REQUIRED ACTION
The material below is to be copied exactly from the line with "Набор из двух" up to and including the line with "Je souris à", with nothing else kept and no pictures.
== RECORDS TO PROCESS
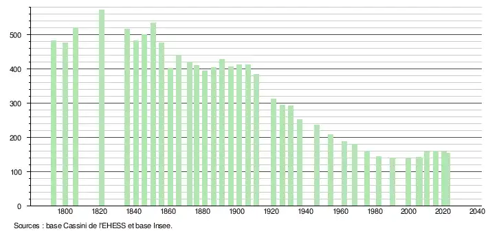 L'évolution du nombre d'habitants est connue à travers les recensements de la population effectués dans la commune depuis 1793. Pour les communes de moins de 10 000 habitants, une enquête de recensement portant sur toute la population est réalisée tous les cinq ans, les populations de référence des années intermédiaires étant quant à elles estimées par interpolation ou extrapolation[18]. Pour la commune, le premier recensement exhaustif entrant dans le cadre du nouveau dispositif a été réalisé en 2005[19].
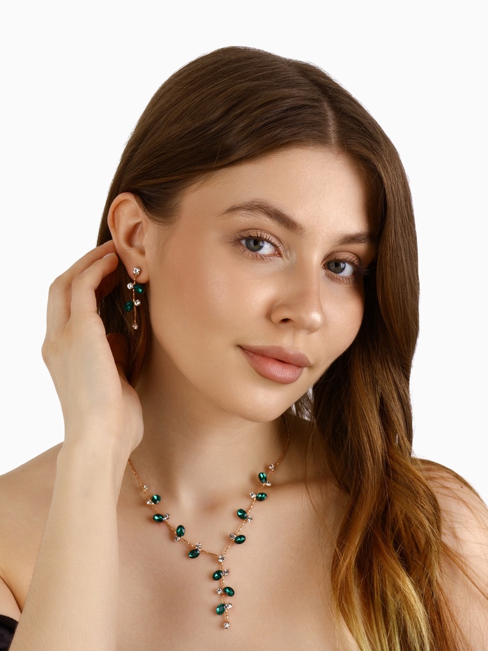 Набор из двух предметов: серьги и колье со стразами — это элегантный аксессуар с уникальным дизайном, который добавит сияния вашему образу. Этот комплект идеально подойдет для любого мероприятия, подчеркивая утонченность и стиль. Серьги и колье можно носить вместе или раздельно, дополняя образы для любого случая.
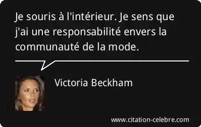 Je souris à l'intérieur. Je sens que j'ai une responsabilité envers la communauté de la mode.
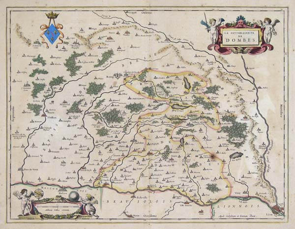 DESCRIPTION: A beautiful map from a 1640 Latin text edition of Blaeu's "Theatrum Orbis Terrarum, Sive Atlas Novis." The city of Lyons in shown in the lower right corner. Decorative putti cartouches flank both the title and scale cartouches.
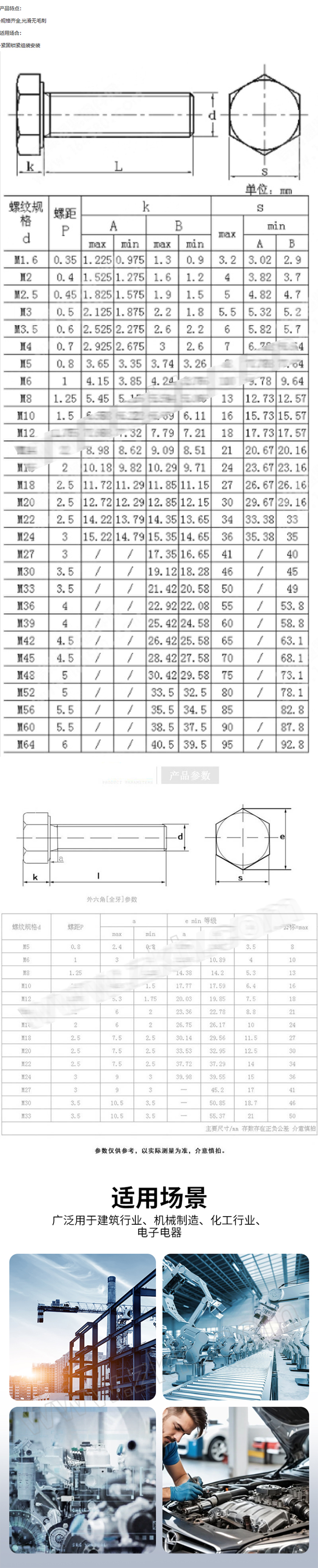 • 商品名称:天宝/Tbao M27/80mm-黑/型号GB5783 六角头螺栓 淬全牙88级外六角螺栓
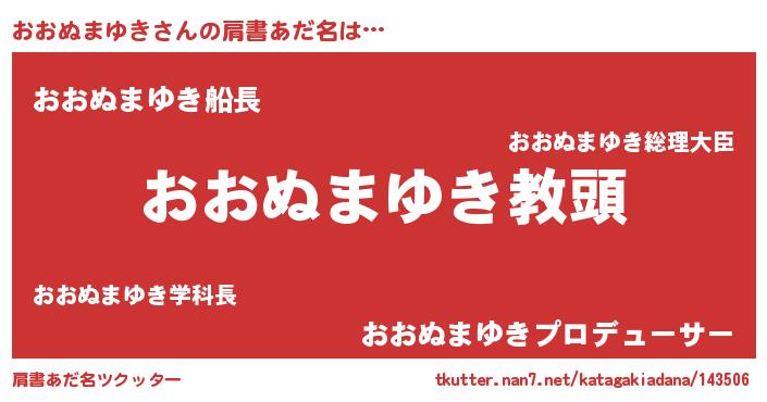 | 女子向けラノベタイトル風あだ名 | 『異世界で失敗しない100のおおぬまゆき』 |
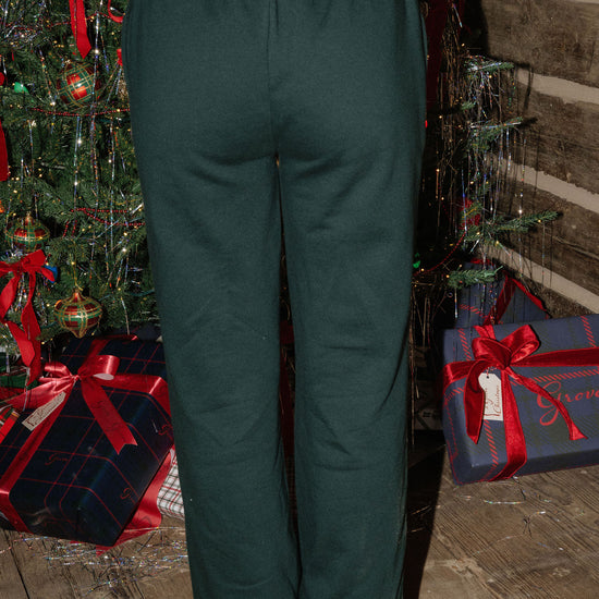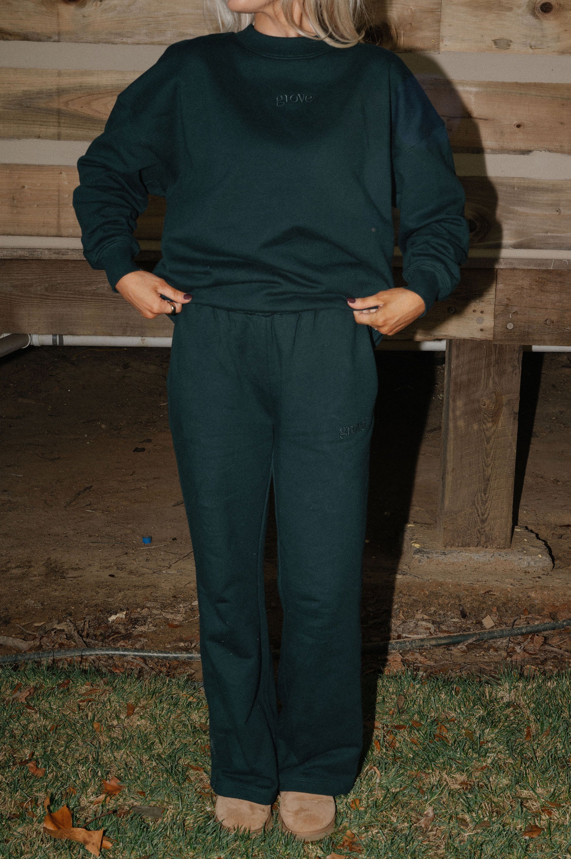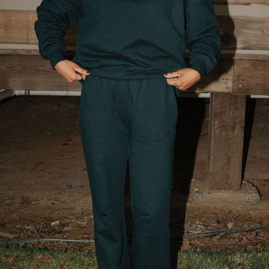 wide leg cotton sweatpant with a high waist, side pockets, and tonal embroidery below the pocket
====
YOUR SOLUTION
 Набор из двух предметов: серьги и колье со стразами — это элегантный аксессуар с уникальным дизайном, который добавит сияния вашему образу. Этот комплект идеально подойдет для любого мероприятия, подчеркивая утонченность и стиль. Серьги и колье можно носить вместе или раздельно, дополняя образы для любого случая.
 Je souris à l'intérieur. Je sens que j'ai une responsabilité envers la communauté de la mode.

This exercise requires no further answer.